§ **What to work on**: The whole listing needs retyping exactly; keep the pictures out of it.
*** Begin section ***
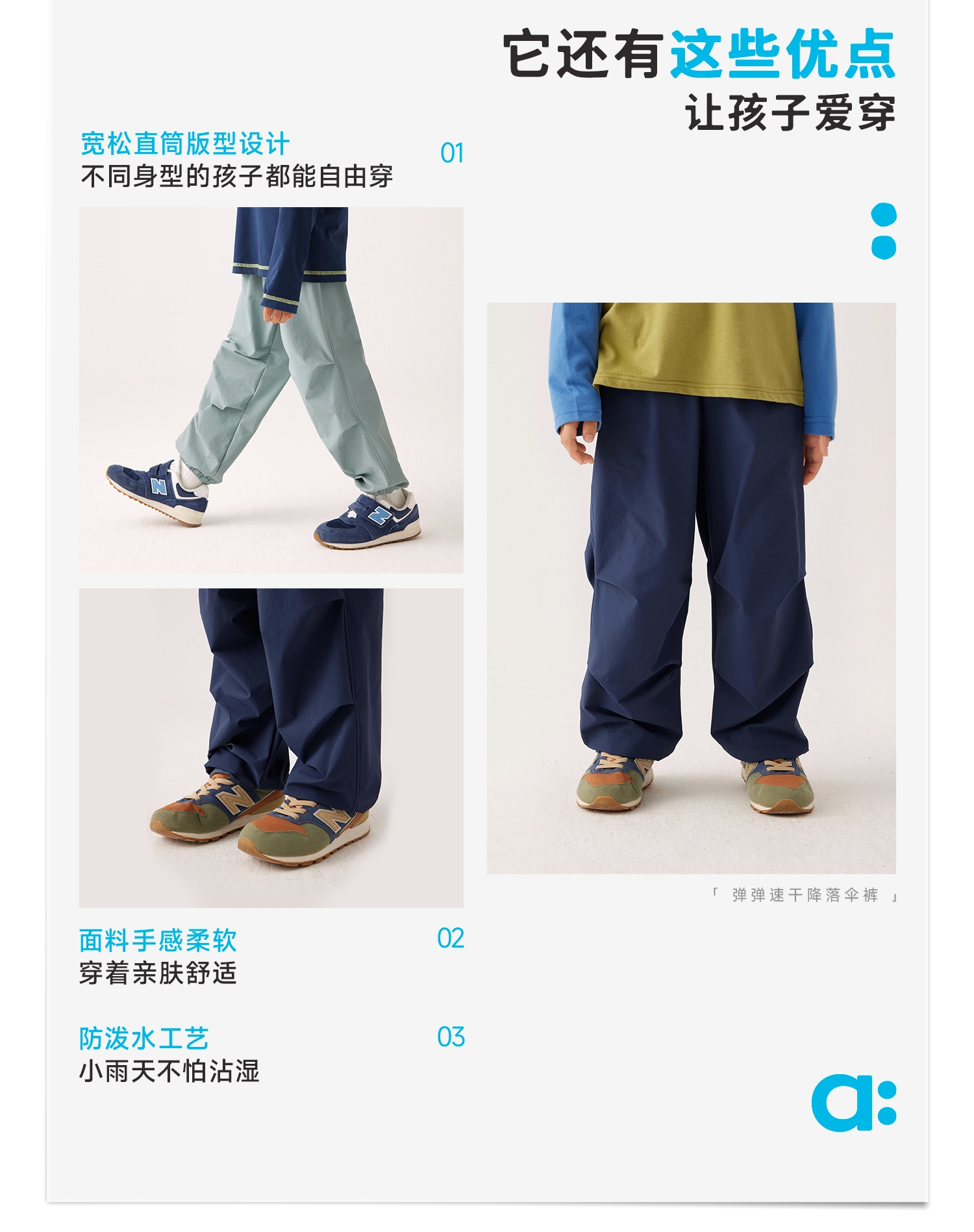 【粉丝专属】幼岚童装「弹弹速干」降落伞裤速干防泼水24秋季新款儿童裤子
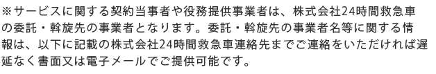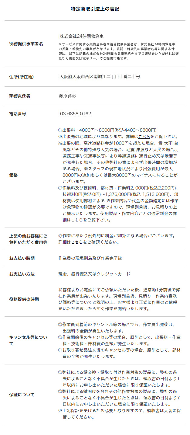 お客様よりお電話にてご依頼いただいた後、通常約1分前後で弊社作業員が出発いたします。現場到着後、見積り・作業内容及び価格等についてご説明の上、お客様より正式に作業のご依頼をいただきましたらすぐ作業を開始いたします。 |
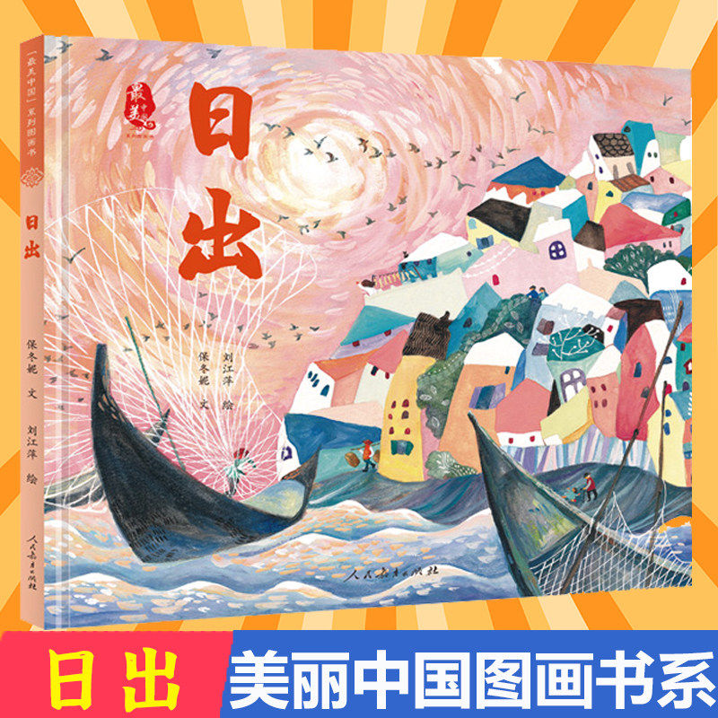 日出绘本一年级下册美中国系列图画书人民教育出版社保冬妮诗歌渲染七彩斑斓阳光的色彩书谱写东海日出的壮美飞扬之歌80厘米超长书
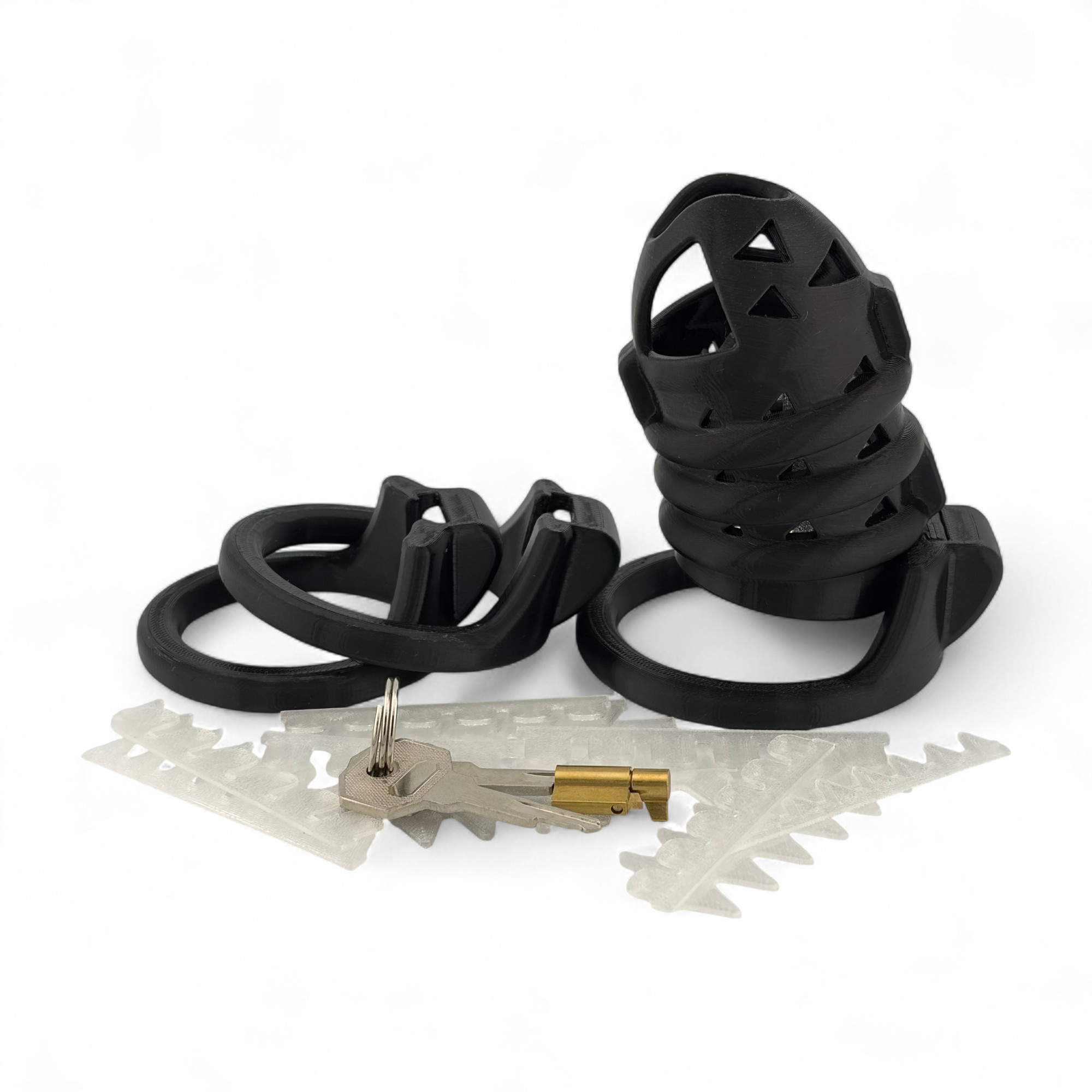 Diese Ausführung des TameGuard StarterSets besteht aus einem schwarzen Käfig (75-90 mm Länge) mit 3 schwarzen Ringen (unterschiedliche Größen auswählbar) und SoftSpikes in transparent.
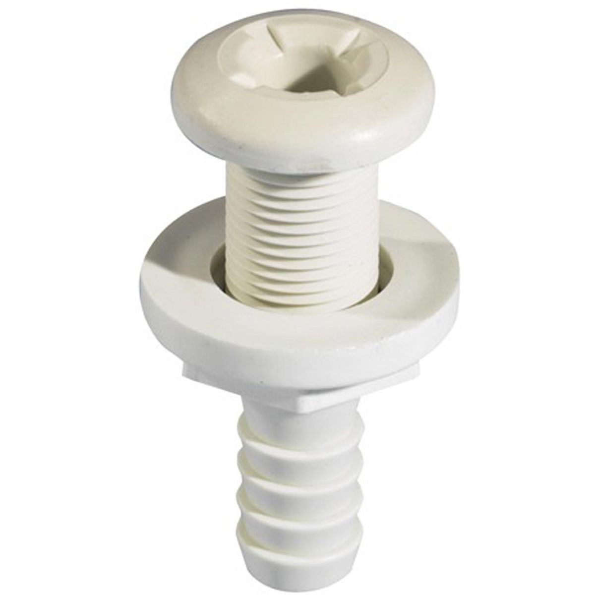 Whale SF5131 skin fitting made in strong, high-quality moulded white plastic (acetal) with 19mm (3/4″) hose tail. This skin fitting is only suitable for use above the waterline due to its construction, but it represents an inexpensive alternative through hull skin fitting for these applications. It features a non-corrosive flanged head. The Whale skin fitting connects to a hose and is designed for through hull applications.
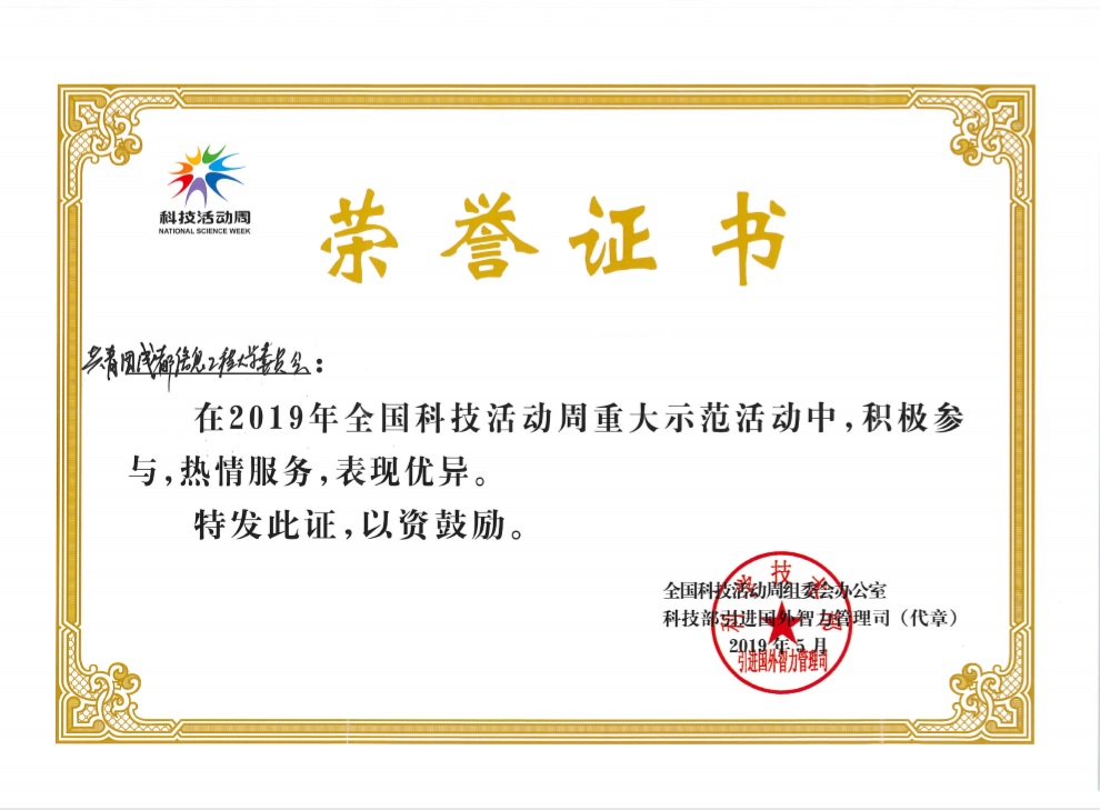 【本网讯】近日,学校承办的2019年全国科技活动周重大示范活动全国气象科普讲解大赛,得到了中国气象局、中国气象学会和广大参赛嘉宾和选手的赞誉。学校团委作为校内承办单位,因积极参与、表现优异,获得全国科技活动周组委会办公室和科技部引进国外智力管理司联合表彰。
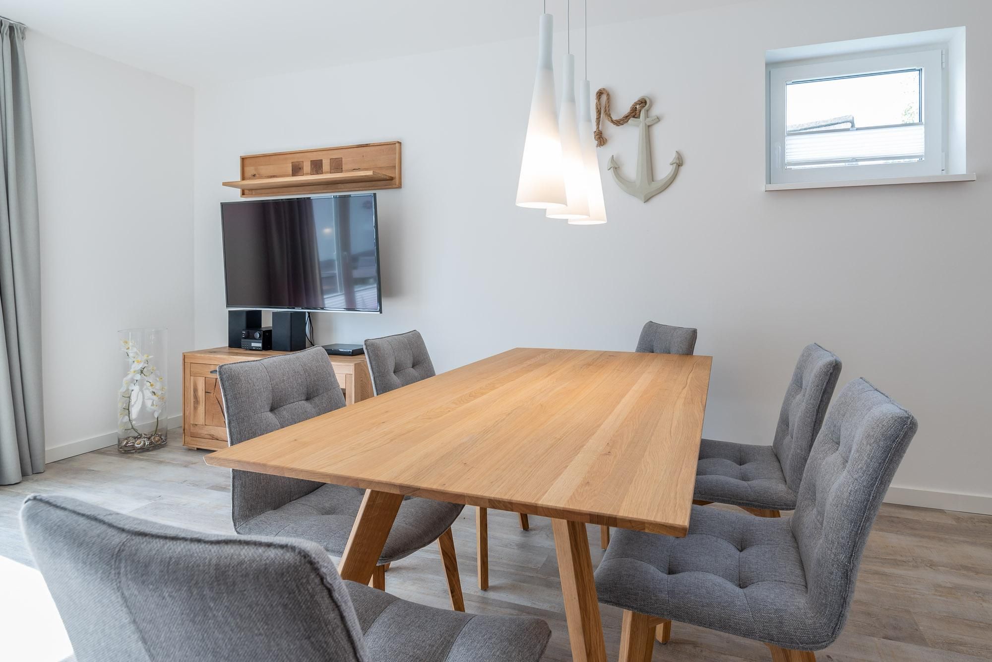 Das Strandhaus WE 02 bietet auf ca. 85 m² Platz für bis zu 6 Personen in drei Schlafzimmern. Genießen Sie eine moderne, offen gestaltete Küche, einen lichtdurchfluteten Wohnbereich, eine eigene Terrasse mit Gartenblick sowie kostenfreies WLAN und einen Privatparkplatz. Der Strand ist nur 450 Meter entfernt, Restaurants und Einkaufsmöglichkeiten sind bequem erreichbar.
*** End section ***
§ **Written response**:
 【粉丝专属】幼岚童装「弹弹速干」降落伞裤速干防泼水24秋季新款儿童裤子
 お客様よりお電話にてご依頼いただいた後、通常約1分前後で弊社作業員が出発いたします。現場到着後、見積り・作業内容及び価格等についてご説明の上、お客様より正式に作業のご依頼をいただきましたらすぐ作業を開始いたします。 |
 日出绘本一年级下册美中国系列图画书人民教育出版社保冬妮诗歌渲染七彩斑斓阳光的色彩书谱写东海日出的壮美飞扬之歌80厘米超长书
 Diese Ausführung des TameGuard StarterSets besteht aus einem schwarzen Käfig (75-90 mm Länge) mit 3 schwarzen Ringen (unterschiedliche Größen auswählbar) und SoftSpikes in transparent.
 Whale SF5131 skin fitting made in strong, high-quality moulded white plastic (acetal) with 19mm (3/4″) hose tail. This skin fitting is only suitable for use above the waterline due to its construction, but it represents an inexpensive alternative through hull skin fitting for these applications. It features a non-corrosive flanged head. The Whale skin fitting connects to a hose and is designed for through hull applications.
 【本网讯】近日,学校承办的2019年全国科技活动周重大示范活动全国气象科普讲解大赛,得到了中国气象局、中国气象学会和广大参赛嘉宾和选手的赞誉。学校团委作为校内承办单位,因积极参与、表现优异,获得全国科技活动周组委会办公室和科技部引进国外智力管理司联合表彰。
 Das Strandhaus WE 02 bietet auf ca. 85 m² Platz für bis zu 6 Personen in drei Schlafzimmern. Genießen Sie eine moderne, offen gestaltete Küche, einen lichtdurchfluteten Wohnbereich, eine eigene Terrasse mit Gartenblick sowie kostenfreies WLAN und einen Privatparkplatz. Der Strand ist nur 450 Meter entfernt, Restaurants und Einkaufsmöglichkeiten sind bequem erreichbar.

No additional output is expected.